In “AI Regulation Has Its Own Alignment Problem,” we consider the technical and institutional feasibility of four commonly proposed AI regulatory regimes—disclosure, registration, licensing, and auditing—described in the table, and conclude that each suffers from its own regulatory alignment problem. Some proposals may fail to address the problems they set out to solve due to technical or institutional constraints, while others may even worsen those problems or introduce entirely new harms. Proposals that purport to address all that ails AI (e.g., by mandating transparent, fair, privacy-preserving, accurate, and explainable AI) ignore the reality that many goals cannot be jointly satisfied.
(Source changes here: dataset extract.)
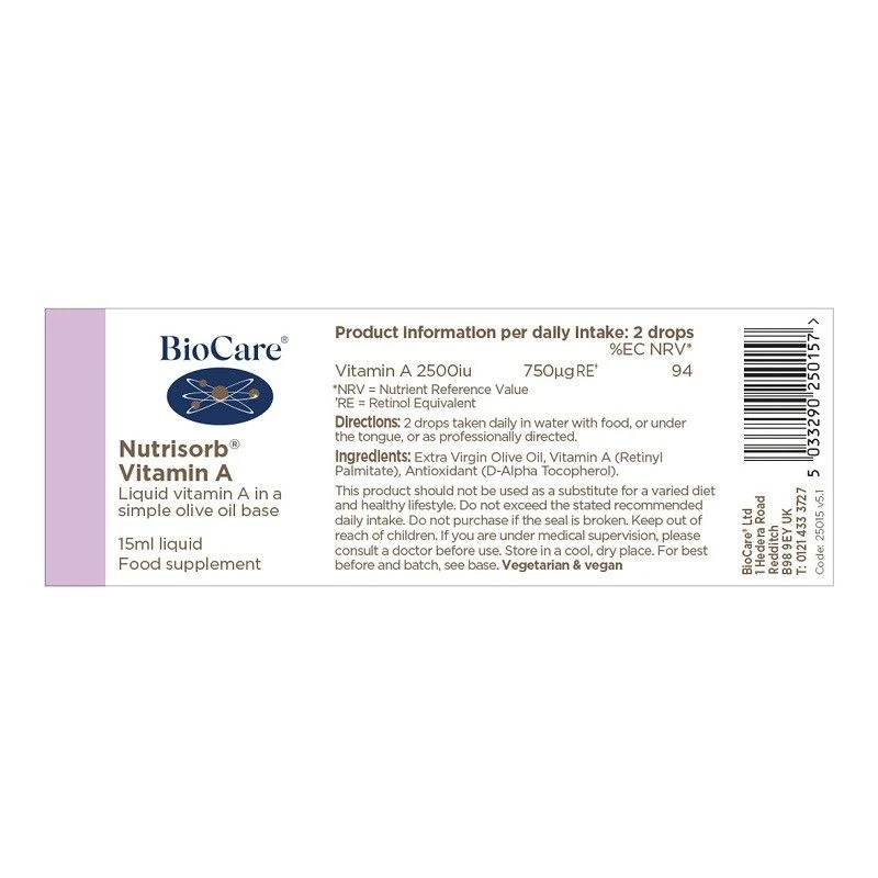 BioCare Nutrisorb Vitamin A Liquid is a in simple olive oil base to help support immunity, healthy skin and vision.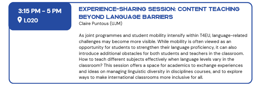 During the workshop entitled “Experience-sharing session: Content teaching beyond Language Barriers”, around twenty teachers from T4EU partner universities discussed the obstacles to increasing the quality and the number of teachers in English-taught programmes for the institutions concerned. More specifically, the discussions focused on the role of tailored programmes and solutions to increase the number of teachers who use English primarily, as well as other languages, in their courses.

Without access to quality information about harms, risks, and performance, regulatory misalignment is almost assured. The current state of affairs—where only a small number of private, self-interested actors know about risks arising from AI—creates “a dangerous dynamic” between industry experts and legislators reliant on industry expertise. The question is, what policies are best situated to address the underlying problem? Rather than rushing to poorly
calibrated or infeasible regulation, policymakers should first seek to enhance the government’s understanding of the risks and reliability of AI systems.